INVESTIGADORES
DI CONZA Jose Alejandro
congresos y reuniones científicas
Título:
Stenotrophomonas maltophilia: patógeno emergente en pacientes fibroquísticos pediátricos de argentina
Autor/es:
ALCARAZ ELIANA; WENDORF M; GARCÍA CARLOS; HERNÁNDEZ C ; ISASMENDI A; GALANTERNIK LAURA; IBARRA L; PEREDA R; BETTIOL M; GÓMEZ G; MARCHESINI N; BARONI MARÍA ROSA; DI CONZA JOSÉ; PASSERINI DE ROSSI BEATRIZ
Lugar:
CABA
Reunión:
Congreso; 5° Congreso Argentino de Fibrosis Quística; 2019
Institución organizadora:
Asociación de Profesionales de la Fibrosis Quística
Resumen:
Stenotrophomonas maltophilia (Sm) es un patógeno nosocomial multirresistente cuya prevalencia a nivel mundial en pacientes con fibrosis quística (FQ) se ha incrementado en los últimos años.
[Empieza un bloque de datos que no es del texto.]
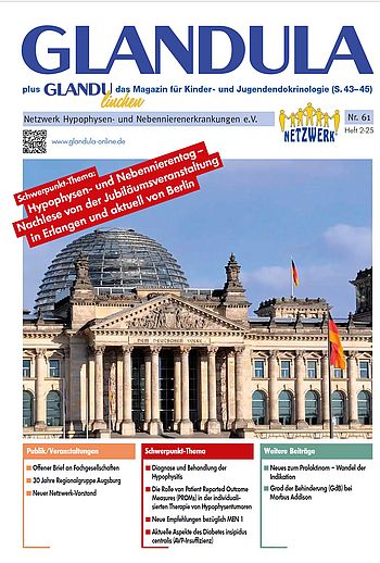 Der Schwerpunkt besteht aus Berichten vom diesjährigen Überregionalen Hypophysen- und Nebennierentag in Berlin sowie einer Nachlese der Jubiläumsveranstaltung in Erlangen. Es erwarten Sie eine Vielzahl interessanter Fachberichte, unter anderem über Hypophysitis, neue Empfehlung zu MEN (Multiple Endokrine Neoplasie), aktuelle Aspekte des Diabetes insipidus und Patient Reported Outcome Measures (PROMs) in der Therapie von Hypophysentumoren.

Su papel en la patogenia está en discusión, sin embargo, la colonización crónica debería considerarse infección debido a la respuesta inmune específica y a que es un factor de riesgo de exacerbación.Objetivo: Caracterizar 164 aislamientos de Sm obtenidos entre 2014-2018 a partir de esputos de 95 pacientes con FQ atendidos en 6 hospitales pediátricos de Argentina.Materiales y métodos: Los aislamientos de Sm fueron recuperados en los hospitales Dr. JP Garrahan, Dr. R Gutiérrez, Dr. P Elizalde, Sor María Ludovica, Hospital del Niño de San Justo y Dr. O Alassia de Santa Fe. La caracterización incluyó: formación de biofilms y producción de sustancias poliméricas extracelulares (EPS); actividad proteolítica; sensibilidad a trimetoprima-sulfametoxazol (TMS), levofloxacina y minociclina (según CLSI); y tipificación (API20NE y RAPD-PCR).Resultados: El 51% de los 95 pacientes pediátricos era de sexo masculino, el 35% era < 5 años, el 27% tenía entre 5-10 años y el 38% era > 10 años. De los 164 aislamientos, el 81% se obtuvo de cultivos polimicrobianos. Los microorganismos co-aislados fueron: Staphylococcus aureus (74,4%), Pseudomonas aeruginosa (22,6%), Complejo Burkholderia cepacia (4,5%), Candida spp. (11,3%) y Aspergillus fumigatus (9%). Todos los aislamientos fueron sensibles a minociclina, el 83% fue sensible a levofloxacina y el 80% a TMS. Todos los aislamientos, excepto uno, fueron proteolíticos y el 98,2% formó biofilms con producción de EPS. La fenotipificación por API20NE permitió detectar 10 biocódigos. A partir de un mismo cultivo de esputo se recuperaron en 3 ocasiones 2 aislamientos de Sm con diferente producción de pigmento y sensibilidad antibiótica. La genotipificación por RAPD-PCR puso en evidencia que en 1 de las 3 ocasiones los aislamientos no estaban clonalmente relacionados.Conclusión: El alto porcentaje de aislamientos polimicrobianos coincide con datos de bibliografía. Los aislamientos analizados mostraron una alta diversidad fenotípica y presencia de importantes factores de virulencia. La caracterización genotípica confirmó la presencia de dos aislamientos de Sm no relacionados en una misma muestra. La detección de un 20% de aislamientos resistentes a TMS es relevante ya que es la droga de elección para su tratamiento.